BACKGROUND: The MYC oncogene has long been established as a central driver in many types of human cancers including colorectal cancer. However, the realization of MYC-targeting therapies remains elusive; as a result, synthetic lethal therapeutic approaches are alternatively being explored. A synthetic lethal therapeutic approach aims to kill MYC-driven tumors by targeting a certain co-regulator on the MYC pathway. PATIENTS AND METHODS: We analyzed copy number and expression profiles from 130 colorectal cancer tumors together with publicly available datasets to identify co-regulators on the MYC pathway. Candidates were functionally tested by in vitro assays using colorectal cancer and normal fibroblast cell lines. Additionally, survival analyses were carried out on another 159 colorectal cancer patients and public datasets. RESULTS: Our in silico screening identified two MYC co-regulator candidates, AURKA and TPX2, which are interacting mitotic regulators located on chromosome 20q.
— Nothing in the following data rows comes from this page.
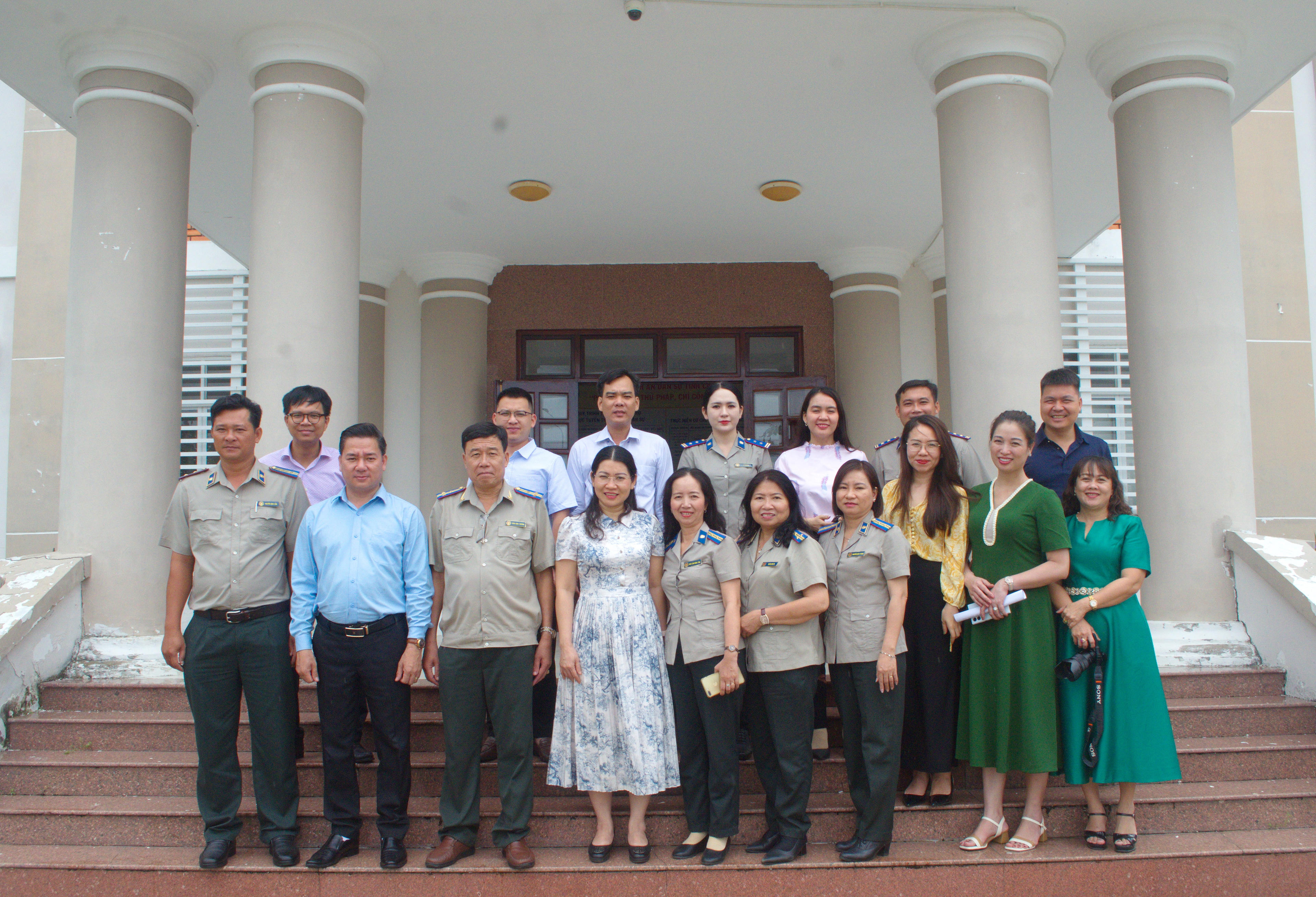 Tổng cục THADS, đại diện Báo Pháp luật Việt Nam và một số cơ quan báo chí chụp ảnh lưu niệm với Cục THADS tỉnh Cà Mau. |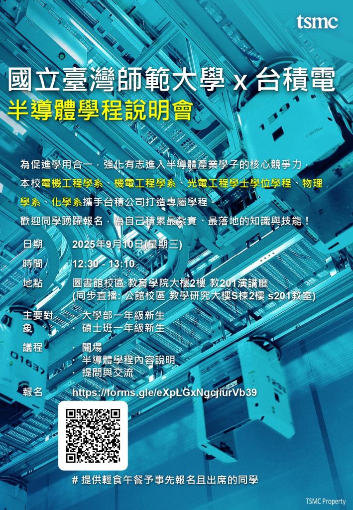 國立臺灣師範大學 X 台積電半導體學程說明會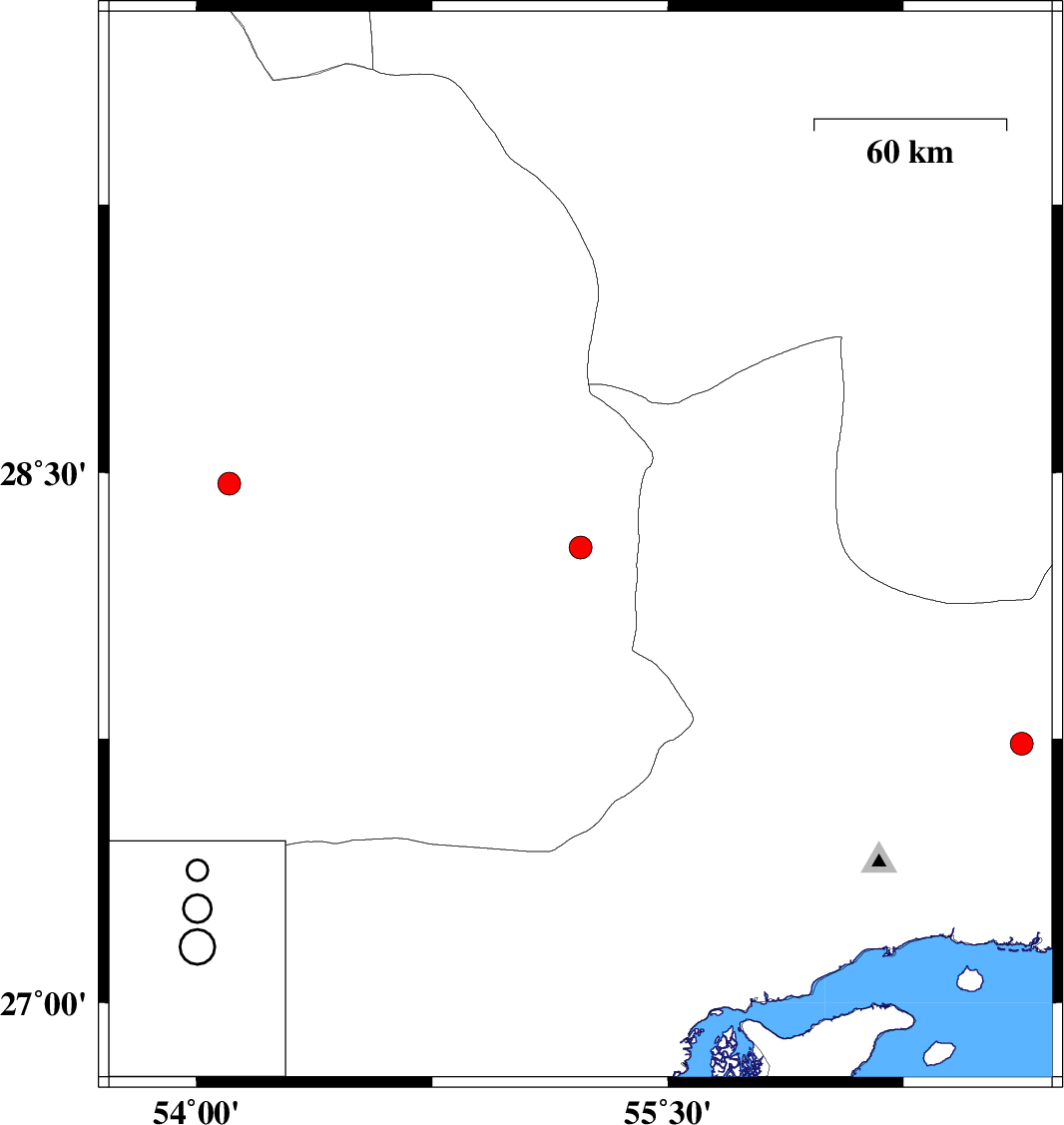 | 2017/02/09 | 13:15:25.9 | 16:45:25.9 | 28.289 | 55.222 | 15 | ML:3.3 | Fars Province, 67 km -West of Hajiabad | ||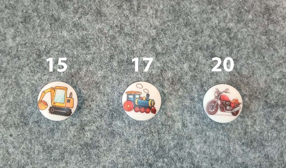 Forside › Sytilbehør › Knapper og Pynt Motorkøretøj knap 16mm Varenummer: 17181 Knap med motorkøretøjer. Knapper i hvid plast med motorkøretøj motiv, enten en minigraver, tog eller motorcykel i Ø 16mm. Se billede to for øje bagpå til påsyning. Fv. Vælg variant 12,00 DKK pr. stk.inkl. moms Antal Køb Tilføj til Ønskeskyen Måske er du også interesseret i følgende produkter Ruskinds lapper 45,00 DKK Sytråd 32,00 DKK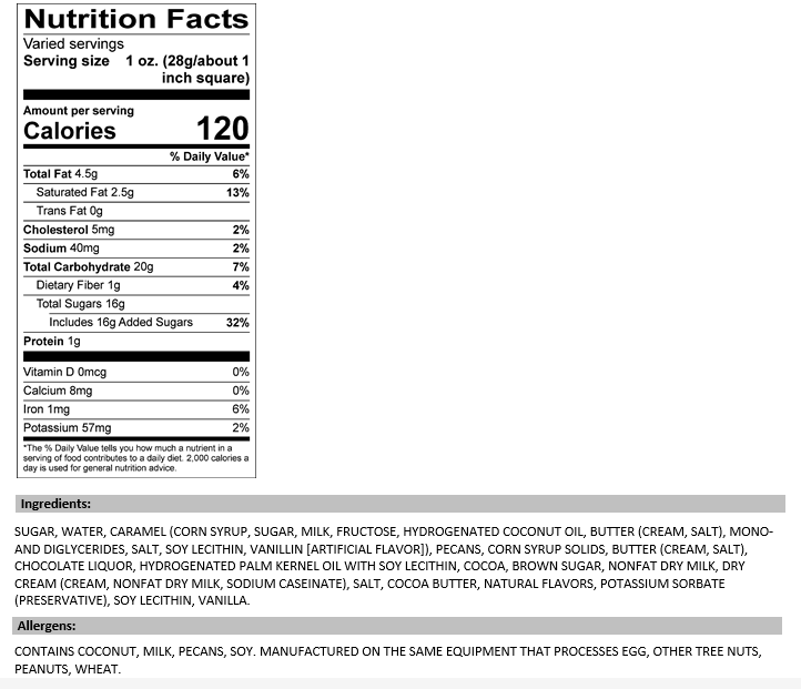 Our Fudge is always made with fresh high quality ingredients, including 100% Real Wisconsin Butter! Pecans and caramel elevate this rich and creamy Chocolate Fudge to an irresistible level. And to top it all off, we add even more pecans and drizzle it with caramel! Is your mouth watering yet? Our mouths sure are!

We found the two candidates showed frequent co-amplification with the MYC locus while expression levels of MYC and the two genes were positively correlated with those of MYC downstream target genes across multiple cancer types. In vitro, the aberrant expression of MYC, AURKA and TPX2 resulted in more aggressive anchorage-independent growth in normal fibroblast cells. Furthermore, knockdown of AURKA or TPX2, or treatment with an AURKA-specific inhibitor effectively suppressed the proliferation of MYC-expressing colorectal cancer cells. Additionally, combined high expression of MYC, AURKA and TPX2 proved to be a poor prognostic indicator of colorectal cancer patient survival. CONCLUSIONS: Through bioinformatic analyses and experiments, we proposed TPX2 and AURKA as novel co-regulators on the MYC pathway. Inhibiting the AURKA/TPX2 axis would be a novel synthetic lethal therapeutic approach for MYC-driven cancers.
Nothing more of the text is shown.